EXERCISE DIRECTIONS ▸
What you return should match the data below exactly, with no pictures in it.
** SUPPLIED MATERIAL follows **
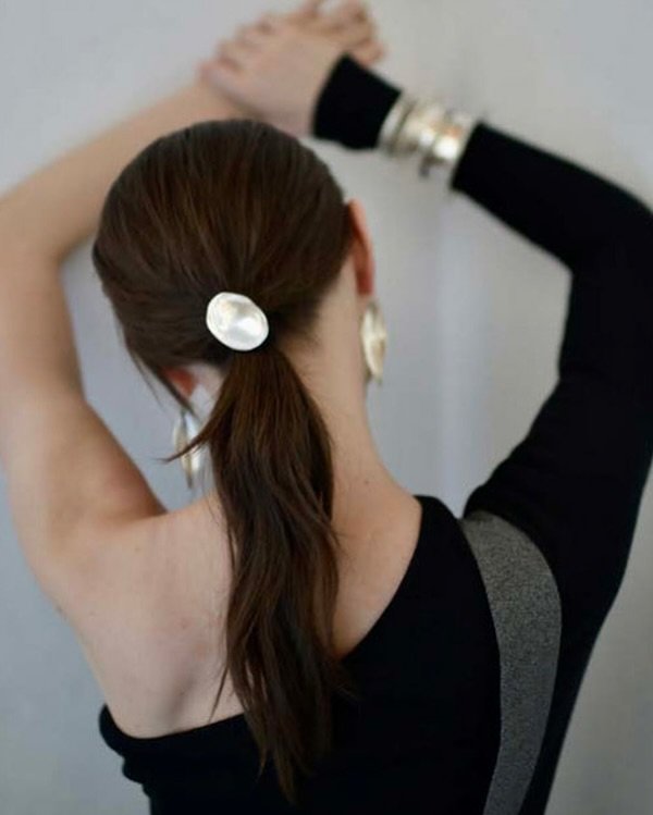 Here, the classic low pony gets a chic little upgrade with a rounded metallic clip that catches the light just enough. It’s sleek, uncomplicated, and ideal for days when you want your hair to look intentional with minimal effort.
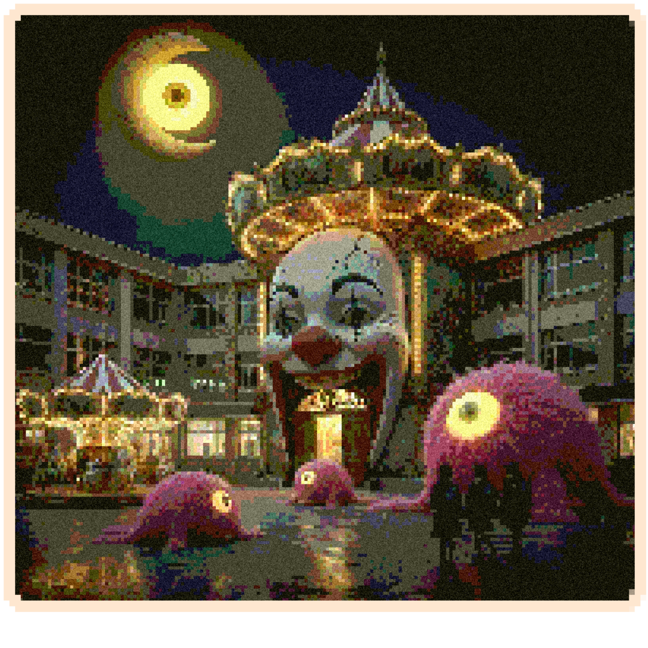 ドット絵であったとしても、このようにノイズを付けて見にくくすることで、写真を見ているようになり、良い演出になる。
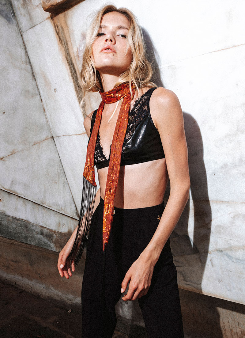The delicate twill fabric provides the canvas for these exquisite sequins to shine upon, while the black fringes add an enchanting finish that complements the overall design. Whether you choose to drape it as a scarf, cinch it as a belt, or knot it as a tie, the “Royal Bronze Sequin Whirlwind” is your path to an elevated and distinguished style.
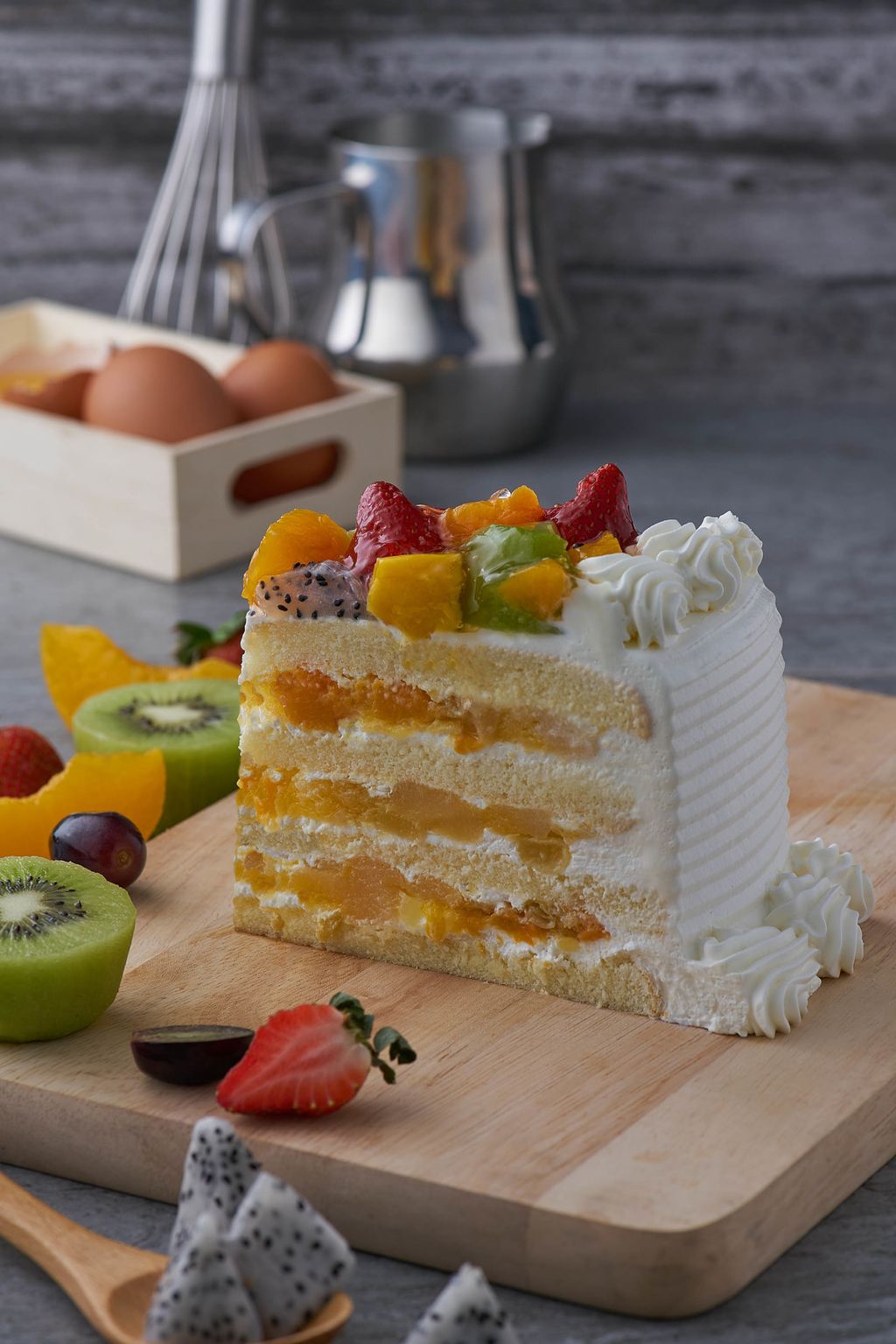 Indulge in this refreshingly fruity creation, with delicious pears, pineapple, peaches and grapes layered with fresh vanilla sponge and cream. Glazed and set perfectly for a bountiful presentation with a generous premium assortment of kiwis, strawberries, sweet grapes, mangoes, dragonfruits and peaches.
** End of SUPPLIED MATERIAL **
OUTPUT OF THE TASK ▸
 Here, the classic low pony gets a chic little upgrade with a rounded metallic clip that catches the light just enough. It’s sleek, uncomplicated, and ideal for days when you want your hair to look intentional with minimal effort.
 ドット絵であったとしても、このようにノイズを付けて見にくくすることで、写真を見ているようになり、良い演出になる。
The delicate twill fabric provides the canvas for these exquisite sequins to shine upon, while the black fringes add an enchanting finish that complements the overall design. Whether you choose to drape it as a scarf, cinch it as a belt, or knot it as a tie, the “Royal Bronze Sequin Whirlwind” is your path to an elevated and distinguished style.
 Indulge in this refreshingly fruity creation, with delicious pears, pineapple, peaches and grapes layered with fresh vanilla sponge and cream. Glazed and set perfectly for a bountiful presentation with a generous premium assortment of kiwis, strawberries, sweet grapes, mangoes, dragonfruits and peaches.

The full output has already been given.